Monday, October 15, 2012

Sinister (2012)


After suffering through the boring crap that was House at the End of the Street a couple weeks ago, I mentioned in my review that horror should be the easiest film genre at which to succeed. All you need is something scary. Nothing else is required, yet so many movies struggle to deliver on this fairly minimal task. Sinister does not have such a problem. It follows the tried and true formula of haunted house movies that has been used to death through the years, but that is unavoidable. There are only so many frightening situations you can put a character into. In this film, Ethan Hawke stars as a true crime author who has moved his family into a house where the previous family was hung from a tree in the backyard. Everyone, that is, except for a little girl who has disappeared. Guess where she’ll show up again.

While unpacking, Hawke finds a box of old film reels, which he screens. They each contain footage of various murders, none of which are related save for the brief appearances of a very sinister-looking figure. This is when increasingly strange things begin to happen, and the movie becomes the expected haunted house ride. What I found so refreshing about it, though, is its pacing. Writer and director Scott Derrickson lets the story unravel in a more controlled and satisfying way than most movies of the type. We all know, more or less, where the traditional “jump scares” are going to be, and when they do show up, they are no surprise. What’s surprising is how late in the game they are used. Sinister has the good common sense to know that jumps may be scary in the moment, but a disturbing atmosphere is more long-lasting. The scariest part of the movie is not when the evil being first shows up, but for how long we are made to wait for it. Any smart movie-goer knows that the building of tension is scarier than the outcome, and this movie builds so much tension that the horrors they lead up to are a relief.
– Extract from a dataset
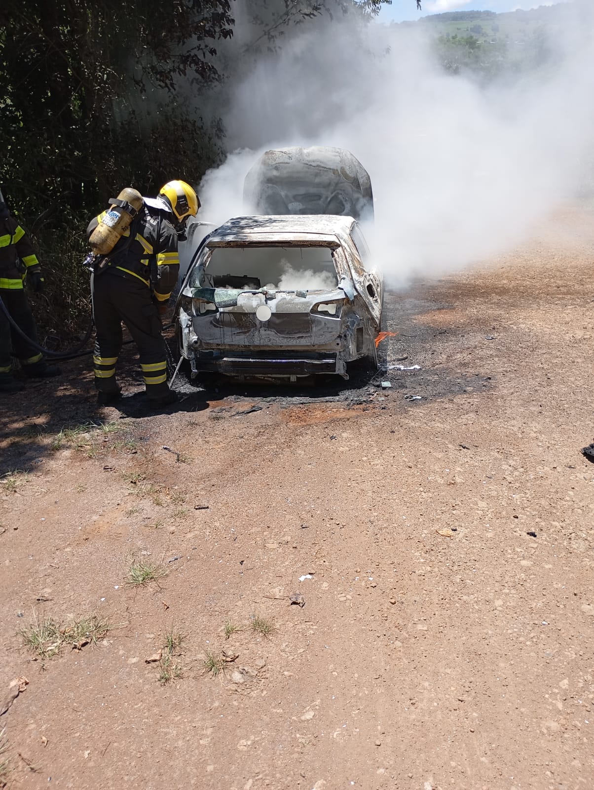 Incêndio destruiu um veículo nesta quinta-feira (5), por volta das 12h, na localidade de Nova Teutônia, interior de Seara.
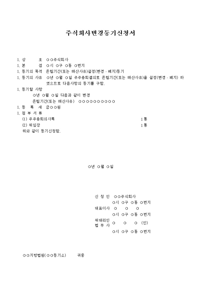 9,000원/월주주총회결의로 존립기간(또는 해산사유)을 설정(변경폐지)하였으므로 그에 대한 등기를 구할 때 사용하는 주식회사변경등기신청서양식입니다.

This is the most well-done suspense film of the year, and fans of the genre would be foolish to miss it. My complaints are minor compared to the praise. Most of the film takes place in the dark, which is understandable, but there are many instances where it doesn’t make sense for the characters to not just turn on the light. It would have saved them a lot of trauma. Also, the ending, of all things, is anti-climactically hurried, and much less powerful than it could have been as a result. Regardless, it does nothing against the impact of the rest of the film. I admire Derrickson and his good taste in making this picture. It presents things that should be horrifying as they are and does so without being cheap or gimmicky and with no exploitation of anything or anybody. It is an old-fashioned terrifying fun that you will remember far longer than the other rubbish of this Saw-inspired generation.